Exit Through the Gift Shop and The ‘Real'
In 2009 Madonna commissioned Mr. Brainwash to design the album cover of "Celebration".
We had to negotiate the idea of ‘fake news’ a lot during the Trump years. While Exit Through the Gift Shop (2010) might be older it resonates with our strong notion of the ‘real.’
Today people are Covid-deniers - there were protests in Montreal against Quebec’s health regulations, there is QAnon, the Viral Pro-Trump Conspiracy Theory – about United States Democrat pedophiles conspiring against him etc. 17 percent of Americans believe that “a group of Satan-worshiping elites who run a child sex ring are trying to control our politics and media” is true.

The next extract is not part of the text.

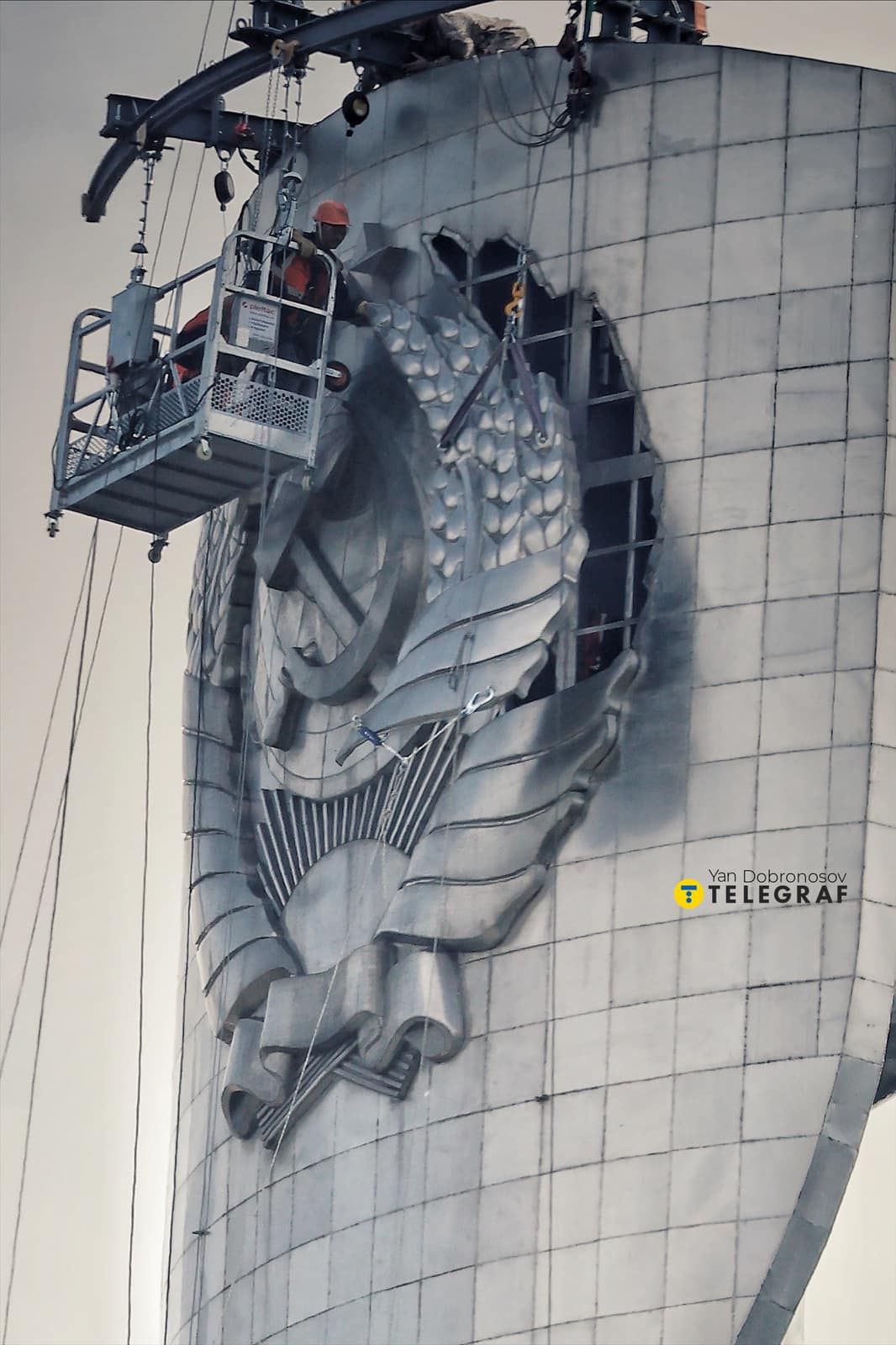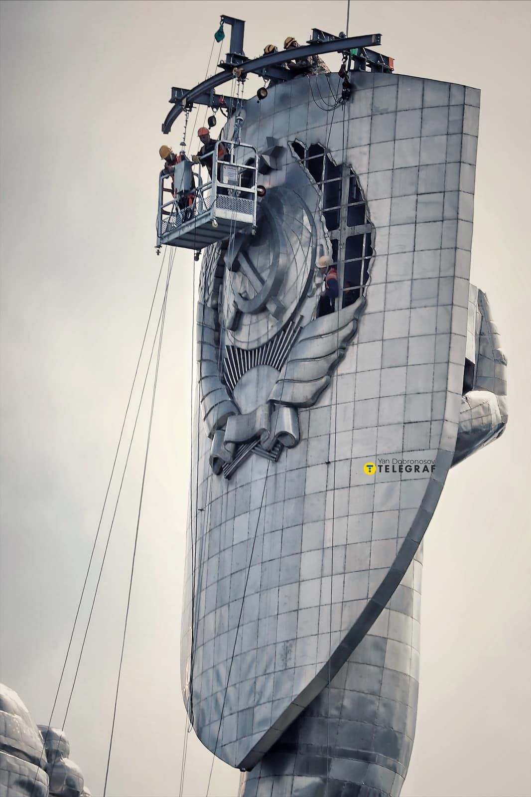 Як відбувається демонтаж радянського символа / Фото Ян Доброносов і Мінкульт

The film Exit Through the Gift Shop regards the elusive and mysterious graffiti artist, Banksy. His work can be seen on walls from post-hurricane New Orleans to the separation barrier on the Palestinian West Bank. The New York Film Critics Online (NYFCO) bestowed its Best Documentary Award on the film in 2010. In late January 2011, Exit Through the Gift Shop was nominated for a 2010 Oscar for Best Documentary Feature.
This film might be a mockumentary and not a documentary. A very convincing mockumentary is the film I’m Still Here about Joaquin Phoenix and his apparent breakdown. So the ideas of ‘fake’ and ‘real’ are at the very heart of Exit Through the Gift Shop.
Guetta, the main character in the documentary, is obsessed with filming and always has a camera in his hand. He tells all of these graffiti artists he meets that he’s making a documentary – he isn’t. He starts off as the owner of a store filled with vintage clothes. An encounter with his cousin ‘Space Invader’ leads him to the street-art world. He eventually makes stickers or decals and joins the street-art scene. He hears about Banksy and is determined to meet him. I don’t blame him! Banksy decides that Guetta is more interesting than he is and makes a documentary about him, encouraging him to pursue street art. Ostensibly, this is that film.
On Valentine’s Day, he called himself Mr. Brainwash and had a big art exhibit in the
Mr. Brainwash Juxtapose – Red Heart
Meatpacking District in New York with models and actors in the crowd. If the exhibit was intended as a joke about art and authenticity it appears to have far exceeded its maker’s intentions. Banksy ends the documentary wondering if he did the right thing launching Mr. Brainwash on the world. “Andy Warhol was replicating images to show they were “meaningless,” he says. “And now, thanks to Mr. Brainwash, they’re definitely meaningless.”
Many people believe that Guetta is actually the elusive Banksy and are buying Guetta’s artwork just in case. One of the larger works — a giant portrait of Madonna — sold to a private collector for $200,000. Shortly afterwards Madonna asked him to design her album Celebration.
I lived in Paris, France for a few months. At the time, I was really into graffiti, so most of my photos are about these. To me, they were urban works of art. I was able to find a lot near subway stops. The artists were anonymous, so I could reflect on the work without the distraction of personality. I am still glad I did not take any pictures of tourist spots or familiar destinations, like the Eiffel Tower. What I did shoot reminds me of who I was at the time. As usual, it was far from conventional. These pictures are of “my” Paris. My memories are authentic to who I was.
The film received overwhelmingly positive reviews, holding 98% on Rotten Tomatoes. One consistent theme in the reviews was the authenticity of the film: Was the film just an elaborate ruse on Banksy’s part, or did Guetta really evolve into Mr. Brainwash overnight? The New York Times movie reviewer Jeannette Catsoulis wrote that the film could be a new subgenre, a “prankumentary”.
He is obviously very talented and has exhibited all over the world including, England, Germany, France and Seoul. He uses stencil graffiti and silkscreens, motifs from a pop culture similar to Warhol. He uses mixed media with spray paint, painting and collage technique, vivid colours in combination with controversial content.